After a challenging few years, during which Casey's General Stores Inc.'s founder Donald Lamberti retired and same-store sales growth slowed to the pace of a Sunday driver checking out Iowa's cornfields, the chain of 1,369 rural locations is on an upswing.

With nearly all company goals for the fiscal 2005 met or exceeded, CEO Ronald Lamb and the rest of his senior management team — most of whom have been with the company well over 15 years — are confident about Casey's future, as they plan steady growth through acquisitions in the chain's nine-Midwest-state market and, perhaps, beyond.

But don't expect any flashy announcements of new prototypes or great upheavals in the company's longstanding business strategy. Lamberti's vision of operating a chain of mostly small-town stores — 75 percent of them are in towns of fewer than 10,000 people — offering very competitively priced gasoline, high-quality prepared foods and a large-for-the-industry selection of grocery and general merchandise items has served Casey's well.

"For the next several years, we'll tend to our knitting and keep looking for good acquisitions," Lamb said, speaking from the chain's Ankeny, Iowa, headquarters. "I think we will continue to see same-store sales and gross profits increase. Gasoline is an unknown, but as long as we remain competitively priced, I think we'll see gallons continue to increase, too."

The Casey's veteran — he has been with the company for more than 35 years, when Lamberti operated just two stores — has good reason to be optimistic. The company's recent implementation of new store and back-room technology, coupled with a few significant — but not drastic — changes in its offer, is paying off.

While fiscal 2005, which ended April 30, got off to a bumpy start with earnings down in the first part of the year, the fourth quarter was a stunner, more than making up for earlier shortfalls. Same-store gallons sold increased 5.6 percent. Grocery and other merchandise sales increased 6.3 percent and foodservice sales grew by nearly 10 percent. Sales this past May furthered that momentum: Same-store gallons and merchandise sales both grew by a solid 6.5 percent, while foodservice sales jumped 11.2 percent. At press time, June same-store sales were looking solid.

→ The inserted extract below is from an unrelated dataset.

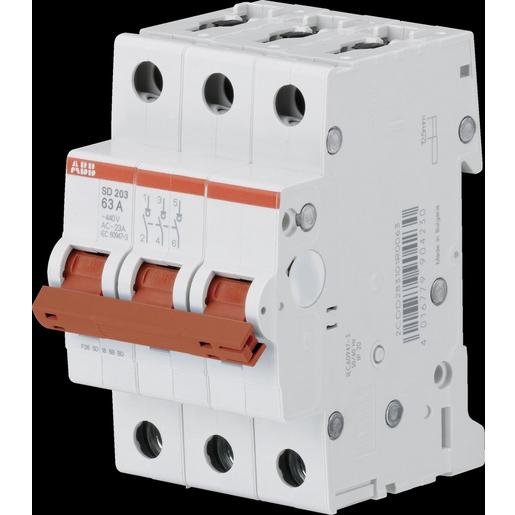 Die SD 200 erweitern das bewährte System pro M compact® um Lasttrennschaltern. Die Baureihe ist in 1- bis 4-poligen Ausführungen mit Bemessungsströmen von 16 bis 63 A verfügbar und haben Trennereigenschaften nach DIN EN 60947-3. Der SD 200 eröffnet mit einer Bemessungsspannung von 253/440 V AC, einer bedingten Kurzschlussfestigkeit von 25 kA, Zylinder-Hubklemme mit 2 Klemmstellen und Hintersteckschutz neue Einsatzmöglichkeiten. Die ?Real CPI? Schaltstellungsanzeige gibt den Schaltzustand des Gerätes eindeutig an. eine eindeutige Seine volle Kompatibilität mit allen MCB Zubehörteilen machen ihn einzigartig auf seinem Gebiet.
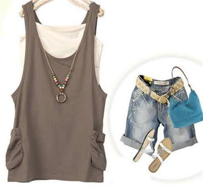 Áo ba lỗ biến tấu dài và rộng, kết hợp với quần soóc bò tạo dáng khỏe mạnh. Phụ kiện có thể là túi xách quai dài.

Steering the chain through a maze of hazards experienced by the entire industry — including volatile gas pricing, the reduction in cigarette manufacturer programs, rising costs and increased competition — hasn't been bump-free. Back in fiscal 2003, same-store gasoline gallons were off 3 percent. Grocery and other merchandise sales stalled at an 0.2 percent increase; margin-driving prepared foods and fountain eked out a small 1.1 percent increase.

The next year was slightly better. Fiscal 2004 saw same-store gasoline gallons rise 3.1 percent, though the chain's per-gallon margin dropped a penny to just over 10 cents. Merchandise sales remained flat, with less than a half-percent increase. Still, the chain's strong, 25-year-old foodservice program of pizza, hot lunch and breakfast sandwiches and fresh baked goods saw a solid 5.5 percent jump in sales.

Besting the Challenges

"In the last three years, the fluctuations in gas prices have been much more dramatic in certain markets, which you can attribute to hypermarkets, like Wal-Mart, Costco and locally even Hy-Vee food stores," noted Terry Handley, senior vice president, store operations. "There are more price changes on a daily basis. In the past, our pricing normalized for longer periods of time."

But by pricing at local retail levels, the chain has stayed strong in volume sales. "We haven't seen any change in demand as gas prices have risen, either in gallons sold or in inside sales of grocery or prepared food sales," Handley noted.

Added Lamb: "We haven't veered from our gasoline pricing strategy in 35 years. We will be competitive in our markets."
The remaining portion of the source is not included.